*What is required*: Retype exactly what appears below from the line containing "Printed Dark Blue" down to the line containing "Верховный счëл условия", keeping both end lines. Do not include pictures.

*Data*:

================================

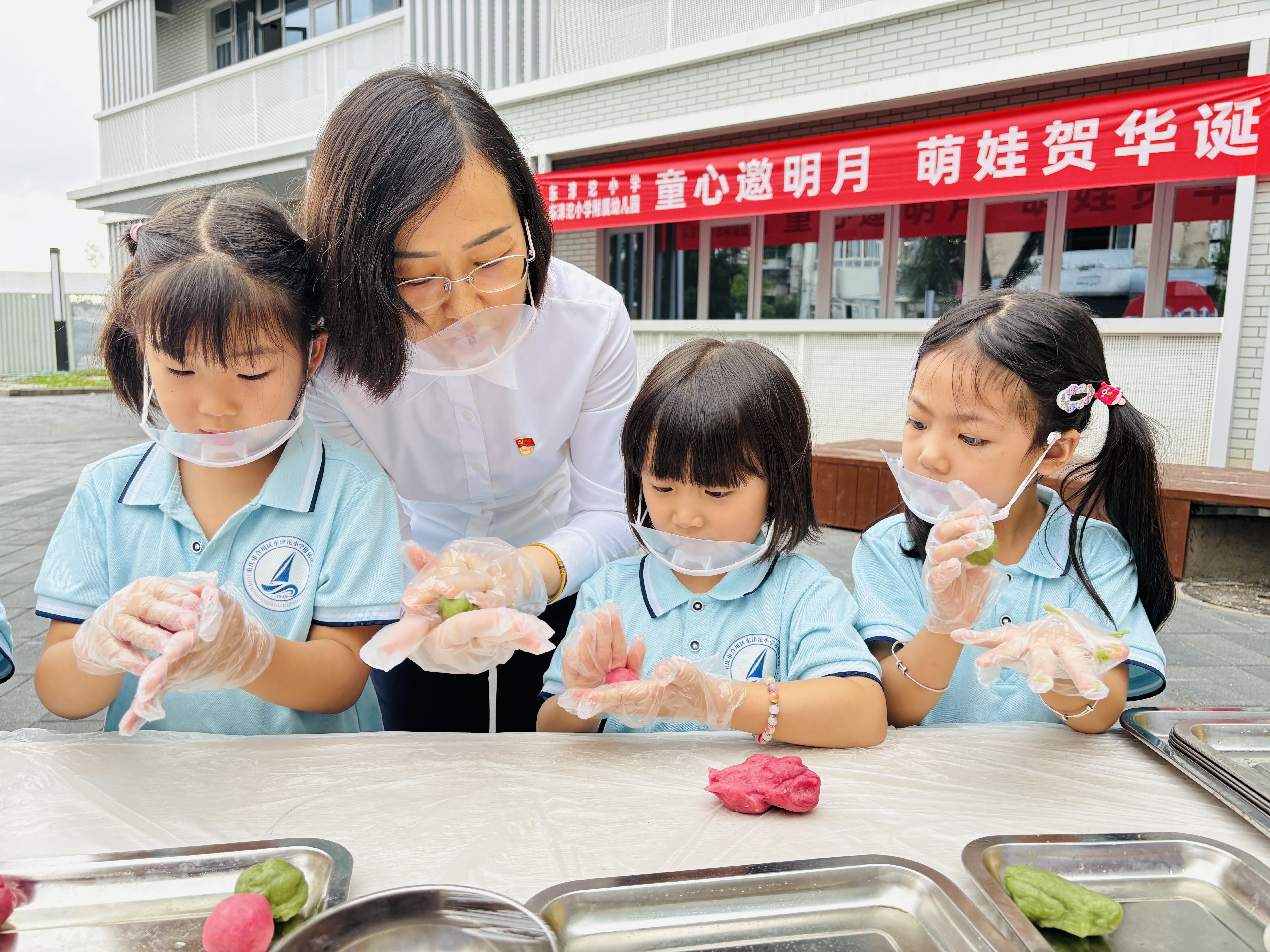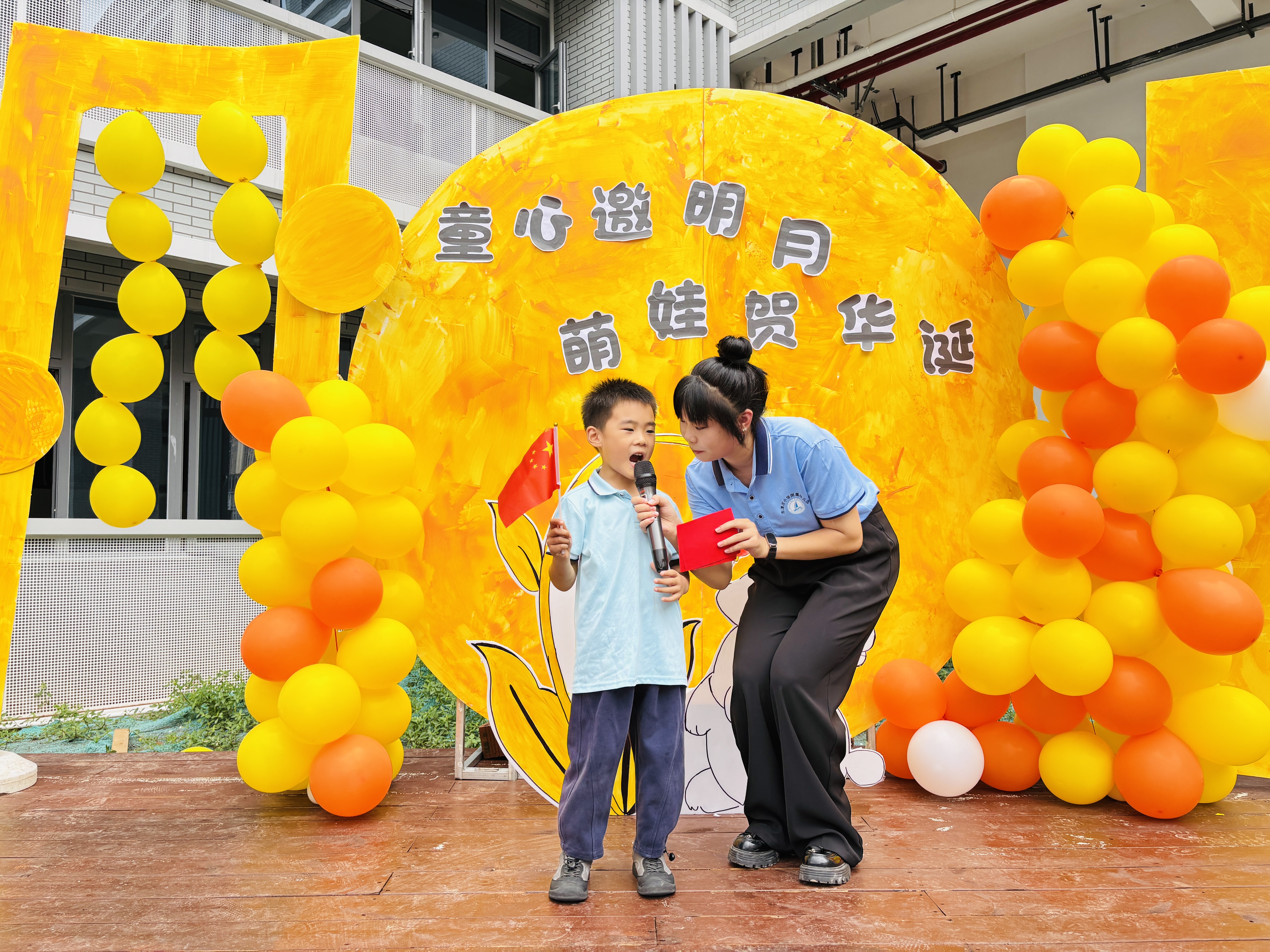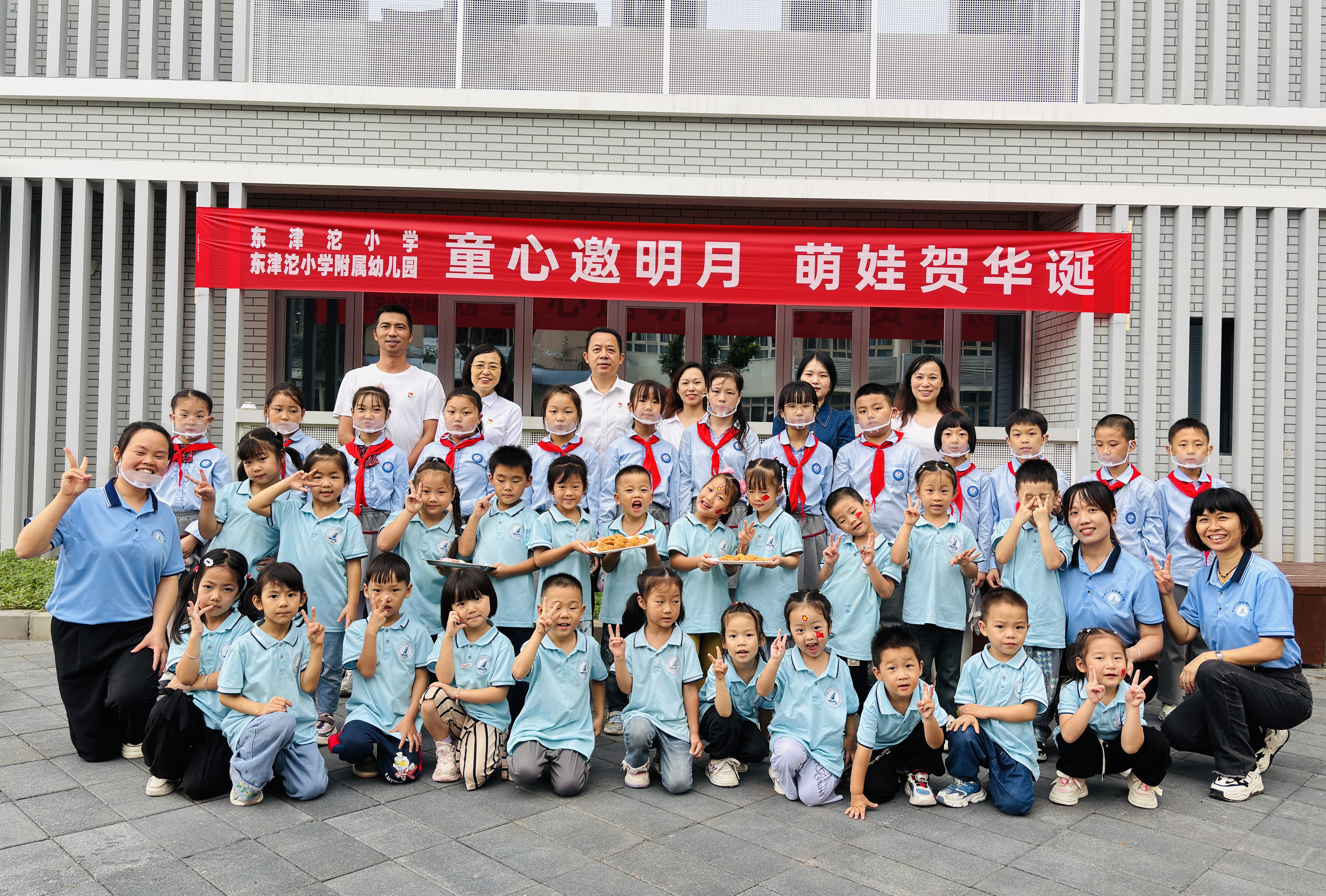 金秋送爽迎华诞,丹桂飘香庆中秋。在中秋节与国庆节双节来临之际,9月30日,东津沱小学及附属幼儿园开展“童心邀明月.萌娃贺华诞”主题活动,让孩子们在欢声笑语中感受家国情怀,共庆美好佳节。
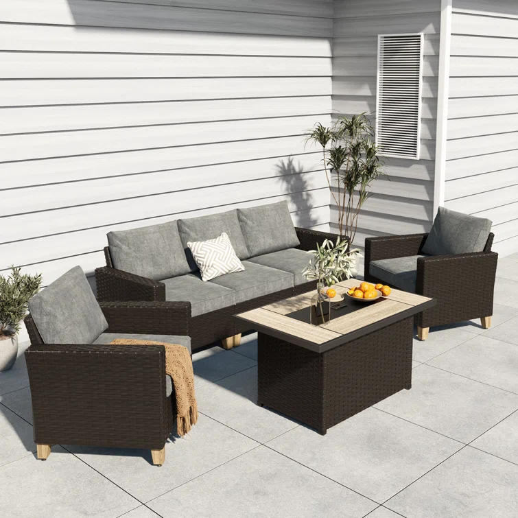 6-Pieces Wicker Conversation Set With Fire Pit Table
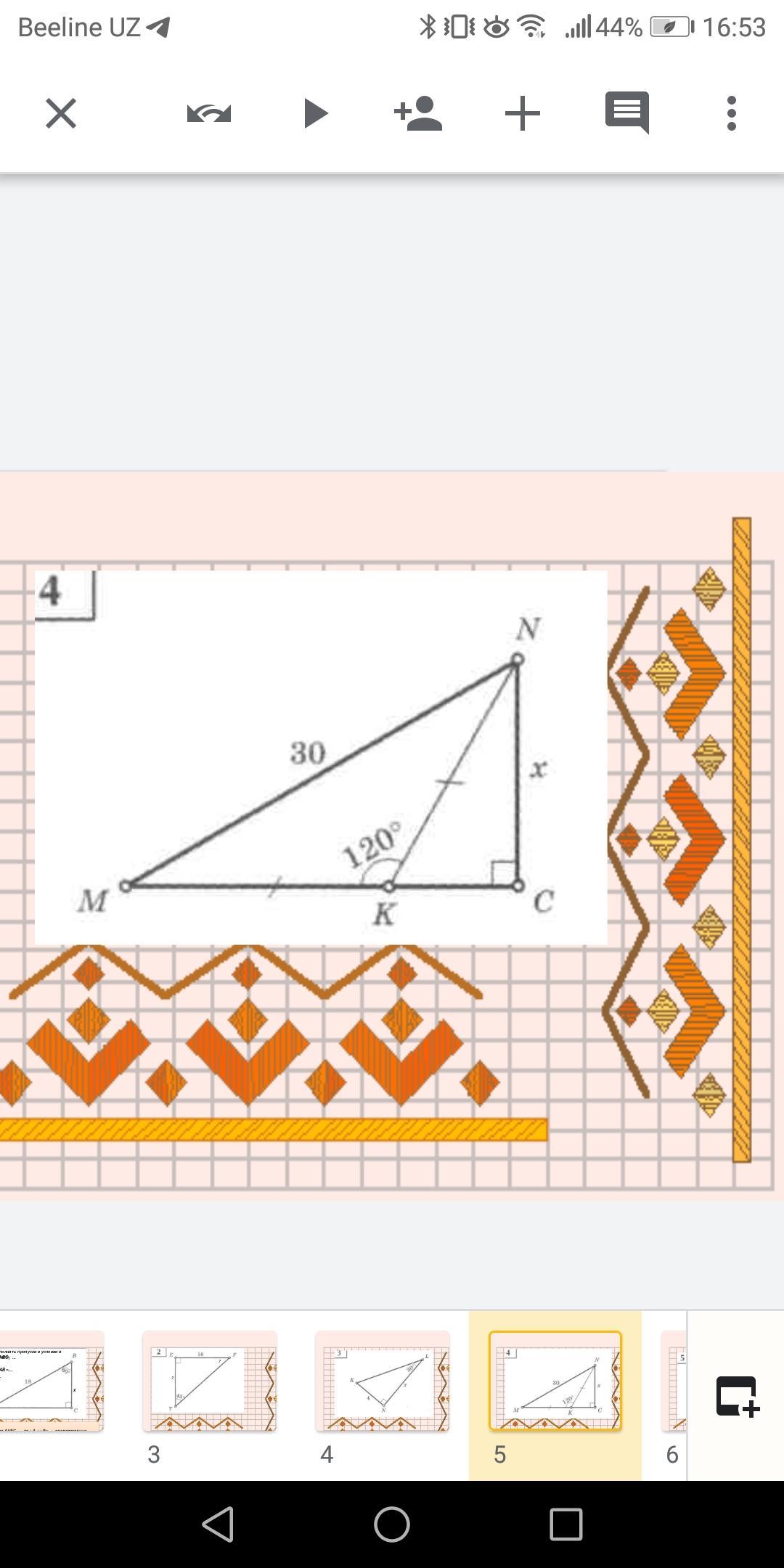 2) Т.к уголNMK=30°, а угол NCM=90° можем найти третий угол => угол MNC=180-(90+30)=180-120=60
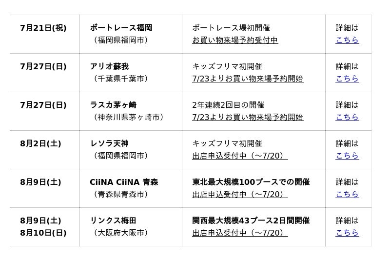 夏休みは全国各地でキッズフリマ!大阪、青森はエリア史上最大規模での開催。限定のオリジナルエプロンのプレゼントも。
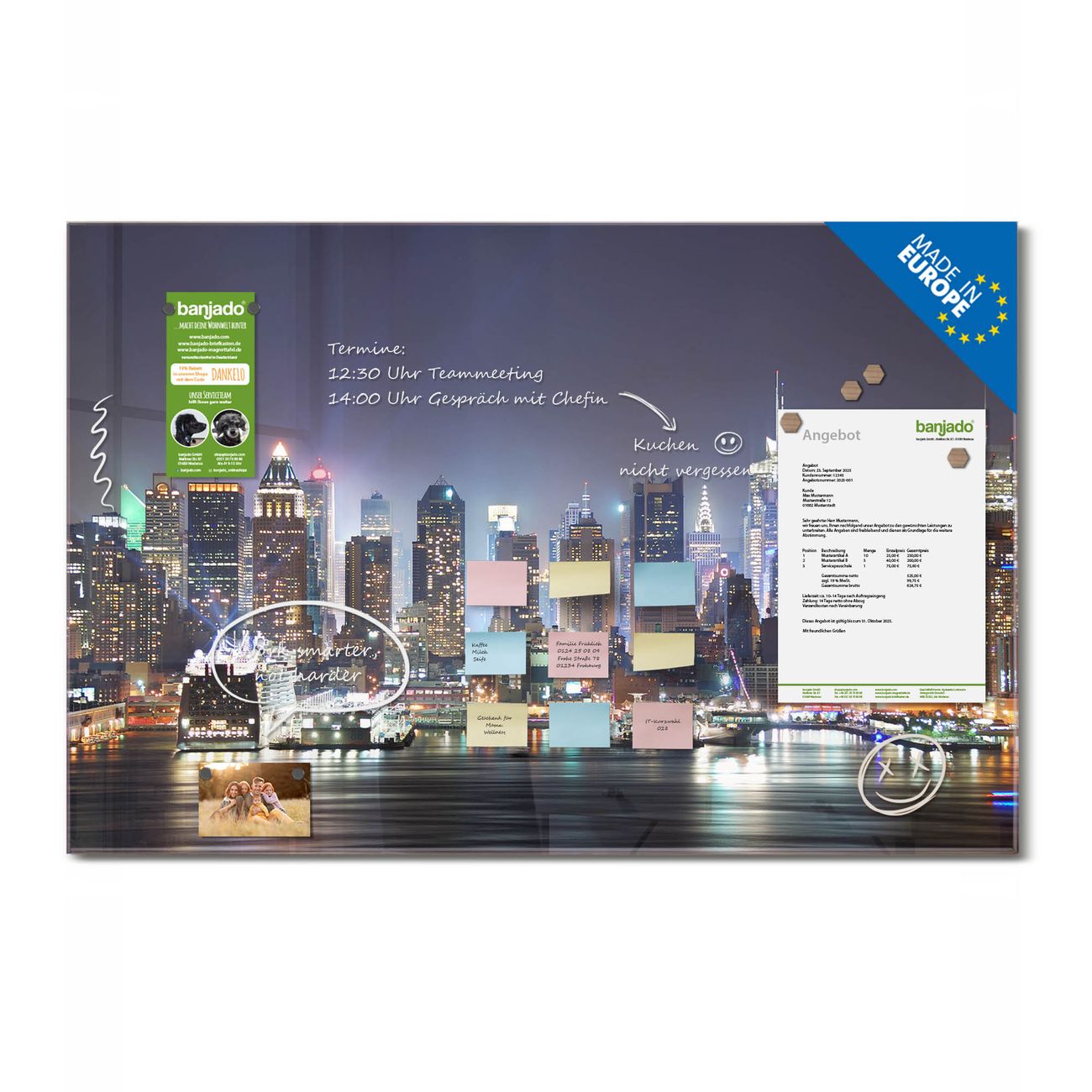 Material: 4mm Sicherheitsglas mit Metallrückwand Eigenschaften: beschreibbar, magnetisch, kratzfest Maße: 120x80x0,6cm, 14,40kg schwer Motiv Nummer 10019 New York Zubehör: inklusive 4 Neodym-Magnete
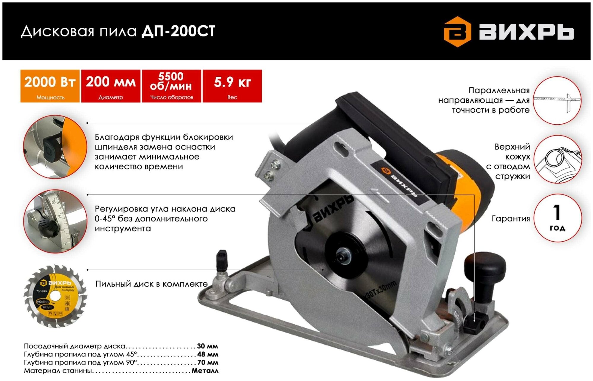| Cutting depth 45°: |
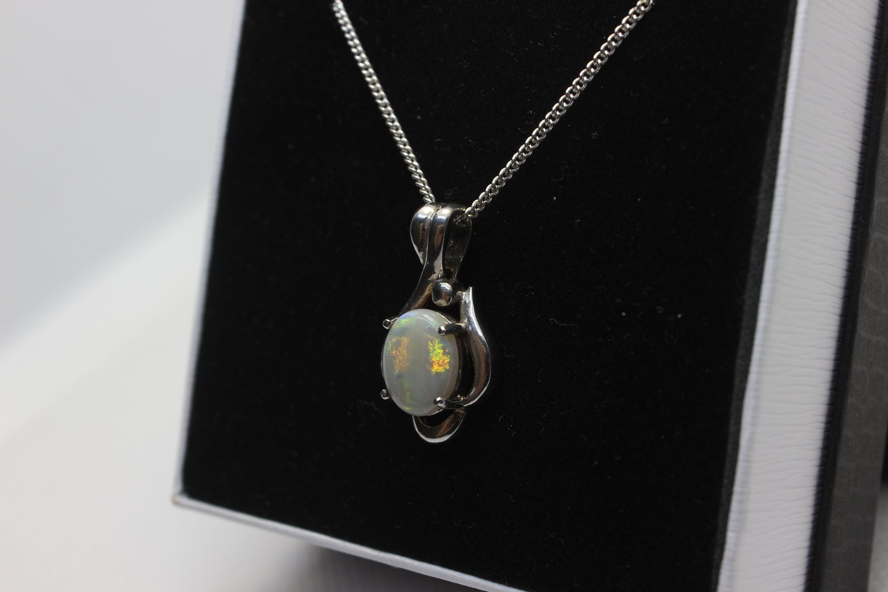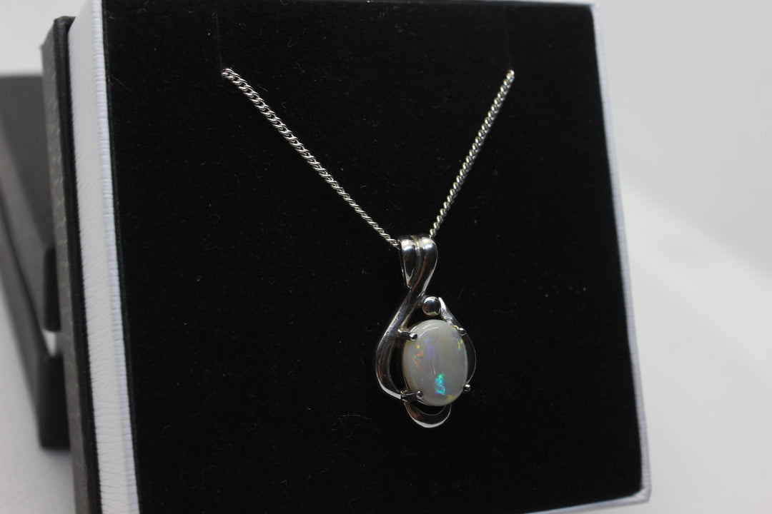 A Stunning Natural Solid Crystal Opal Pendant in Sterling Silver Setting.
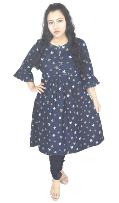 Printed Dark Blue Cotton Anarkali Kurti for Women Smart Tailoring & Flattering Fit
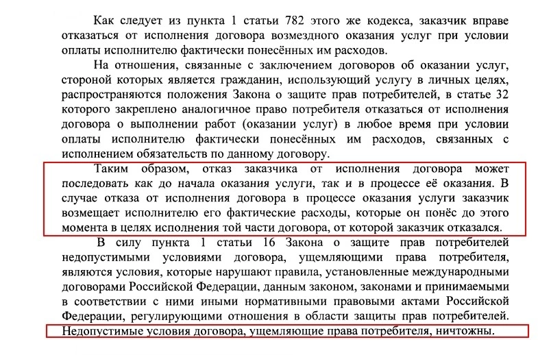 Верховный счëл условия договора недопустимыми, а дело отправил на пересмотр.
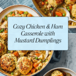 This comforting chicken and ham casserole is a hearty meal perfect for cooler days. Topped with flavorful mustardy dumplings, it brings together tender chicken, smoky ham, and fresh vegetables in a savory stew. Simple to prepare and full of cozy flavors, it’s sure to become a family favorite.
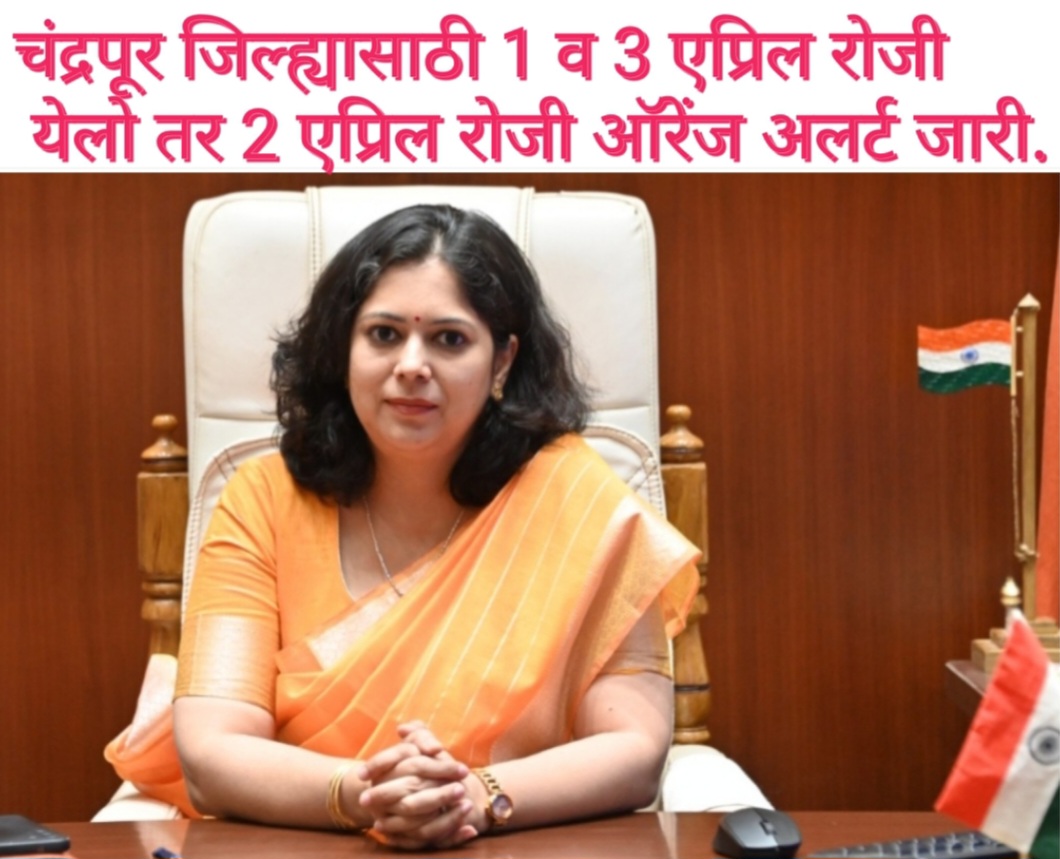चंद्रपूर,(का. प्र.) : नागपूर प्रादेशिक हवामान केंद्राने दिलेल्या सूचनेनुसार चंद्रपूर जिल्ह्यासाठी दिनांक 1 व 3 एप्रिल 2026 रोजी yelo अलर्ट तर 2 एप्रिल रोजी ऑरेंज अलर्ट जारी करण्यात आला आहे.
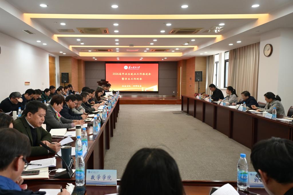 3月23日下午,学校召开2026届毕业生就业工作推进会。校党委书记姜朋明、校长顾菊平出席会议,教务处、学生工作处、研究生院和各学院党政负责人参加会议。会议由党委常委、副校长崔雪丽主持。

================================

*Reply to the exercise*:
 Printed Dark Blue Cotton Anarkali Kurti for Women Smart Tailoring & Flattering Fit
 Верховный счëл условия договора недопустимыми, а дело отправил на пересмотр.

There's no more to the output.